С тобой мы побывали в Камерном театре на «Принцессе Брамбилле» — драматической переделке рассказа Гофмана[362]
, которого я всегда любил и люблю. Ты пошла на эту пьесу без особенной охоты. Очень хорошо помню, что спектакль открылся вводной лекцией Новицкого, который в вопросах искусства показал себя скорее идеалистом, чем марксистом. Он правильно указал, что в рассказе Гофмана речь идет о сущности искусства, но не понял идеалистического оттенка в трактовке Гофманом этого вопроса. После двадцати минут скуки занавес открылся, и начался сумбур. Если еще можно было понять первый акт, где Джильо Фава мелодекламирует и получает нагоняй и урок реализма, то потом начался круговорот лиц, масок, процессий, с переменами костюмов, делавшими действующих лиц неузнаваемыми. Если я, читавший — и не раз — Гофмана, не понимал, что делается на сцене, то для тебя этот хаос был утомителен и скучен. Радости нам этот спектакль не дал.В студии Художественного театра, которая пришла на смену театра Незлобина[363]
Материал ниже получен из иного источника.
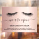 Un fond dégradé rose gold. Avec le texte : Nous sommes ouverts en noir écrit avec un style de lettrage manuscrit tendance avec fioritures. Personnalisez et ajoutez vos heures d'ouverture, site web. Décoré avec des cils noirs.
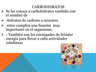 Los carbohidratos, también conocidos como hidratos de carbono o azúcares, cumplen la función importante de brindar energía para las actividades cotidianas. Existen dos tipos principales de carbohidratos: los hidratos de carbono simples como la fructuosa y la sacarosa, los cuales son de rápida digestión; y los hidratos de carbono complejos como la celulosa y la hemicelulosa, los cuales se digieren más lentamente y mantienen constantes los niveles de azúcar en la sangre. La principal función de los carbohid
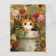Adorable orange kitten emerging from a pottery pot amidst lush leaves and colourful flowers, creating an artistic and whimsical setting.
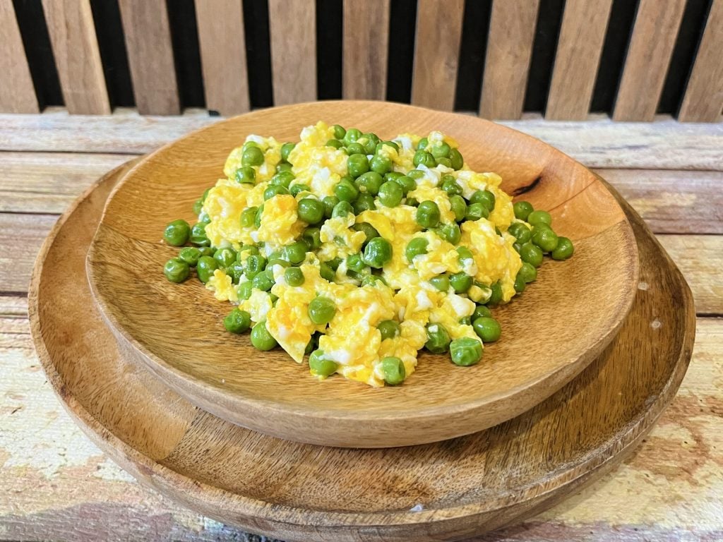 Nuestros Huevos revueltos con guisantes están listos. ¡Llevémoslos inmediatamente a la mesa con una buena rebanada de pan!
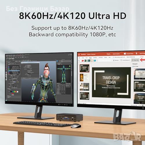 Поддържа Ultra HD 8K*60Hz резолюции, съвместим с 4K*120Hz, 1440P*60Hz, 3D и 1080P*60Hz
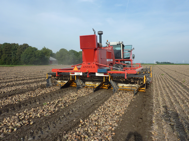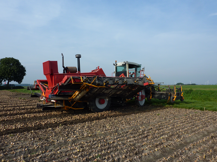 Het landbouwbedrijf zocht dus naar een machine met een goed vermogen en een goede olie-opbrengst. Samen met Andela Techniek&Innovatie uit Nagele werd het plan ontwikkeld om een Agrifac bietenrooier te ontmantelen en om te bouwen. In de werkplaats van Van Beem in Zeewolde is de machine verder ontwikkeld. “Er zitten rooielementen van Keulmac in.” De bietenrooier is voor- en achtergestuurd. De stuuruitslag is dusdanig verruimd dat de complete machine, met een transportbreedte van 3,25 meter, een draaicirkel van 9 meter heeft. Het motorvermogen is 360 pk. ,,De omstandigheden bij het uienrooien zijn over het algemeen zwaar. Op bepaalde momenten ligt de motor wel krom, maar uiteindelijk draait die zonder veel problemen.”

, мы видели пьесу «Дело»[364] — вторую из трилогии Сухово-Кобылина. Эта постановка была замечательна, и каждый актер был на месте: особенно хорош М. А. Чехов (племянник писателя), игравший роль Муромцева. Как характеристика старого режима пьеса реакционера-крепостника Сухово-Кобылина была убийственна. Спектакль совершенно захватил нас, и мы вернулись домой глубоко взволнованными. Когда же прочли пьесу, то увидели, что авторская трактовка еще резче, чем та, которую мы видели; может быть, этого требовал художественный такт.В самом Художественном театре мы повидали пьесу «Дни Турбиных»[365]
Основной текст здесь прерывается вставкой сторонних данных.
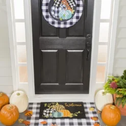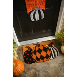 Evergreen Pattern Pumpkins Shaped Indoor Outdoor Natural Coir Doormat 1’6″x2’6″ Multicolored
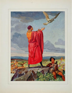This is an original 1932 full-color print of a man releasing a bird by artist Peter Helck, (1893 - 1988).

(роман Булгакова называется «Белая гвардия») из только что законченной гражданской войны, которую обыкновенное русское семейство переживает в Киеве. Проходит смена режимов: гетман, Петлюра, советская власть. Все члены семейства связаны с белыми и носят в себе «белую идею», которая ведет к разным компромиссам и, наконец, заводит в тупик. Наступает момент, когда уцелевшие, как и их окружение, счастливы, что приходит советская власть. Хорошо в постановке было то, что персонажи, за немногими исключениями, показаны вовсе не «белобандитами», а обыкновенными русскими людьми. Хотя меня, при моем педантизме, неприятно поразило полное несходство картинного сценического гетмана Скоропадского[366] с тем невзрачным генералом, которого я много раз встречал в ставке Юго-Западного фронта, — спектакль давал впечатление полной подлинности и взволновал зрителей.Мы с тобой присутствовали также на первом выступлении Айседоры Дункан в Большом театре[367]
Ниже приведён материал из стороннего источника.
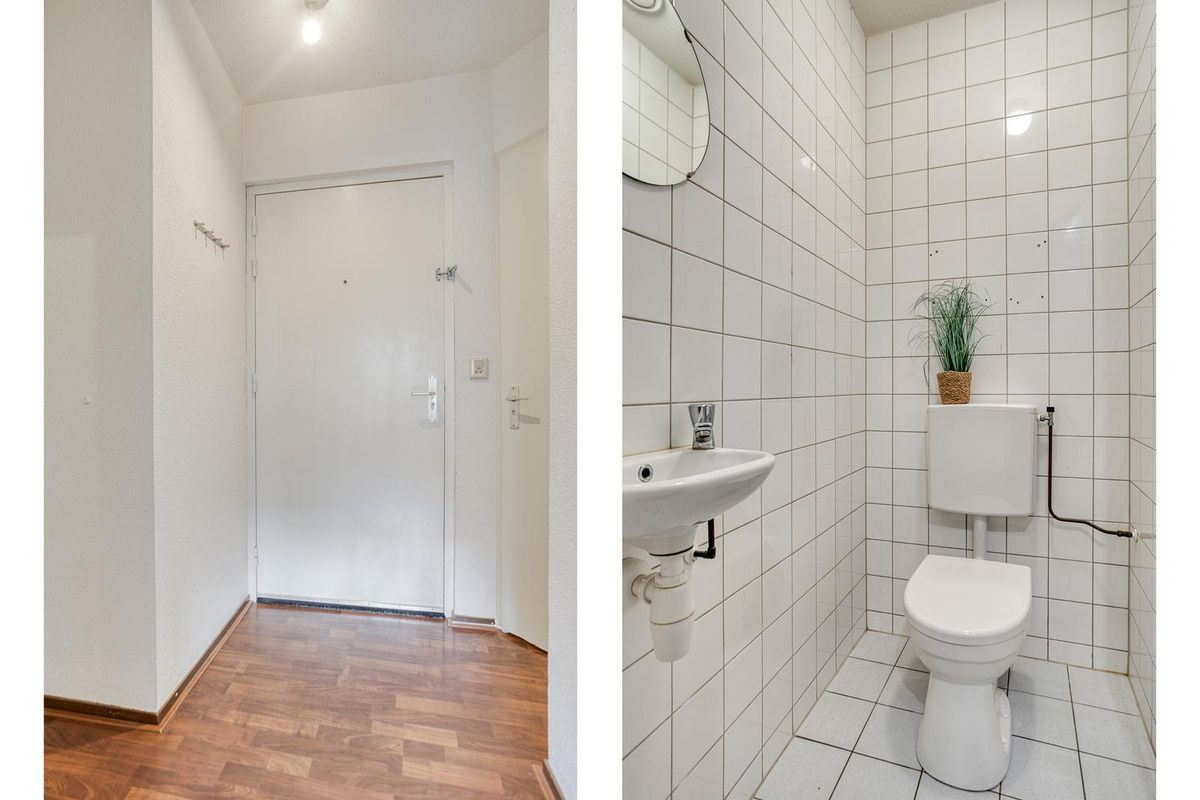 Entree met toegang tot het toilet, badkamer slaapkamer en woonkamer.

. У меня в памяти было о ней чудесное воспоминание, как я видел ее в Париже за десять лет до этого в Trocadéro и Châtelet[368]. В Trocadéro я видел ее в «Орфее» Глюка[369], где она выступала в сопровождении своих учениц и приемной дочери Lise Duncan[370]. Айседора еще не пополнела, и каждая поза, которую она принимала, была естественна и прекрасна. Музыка Глюка, очень приспособленная для танцев, точно согласовывается с движениями и содержанием оперы. Я ушел, глубоко потрясенный.В Châtelet Айседора танцевала «Ифигению в Авлиде», тоже Глюка[371]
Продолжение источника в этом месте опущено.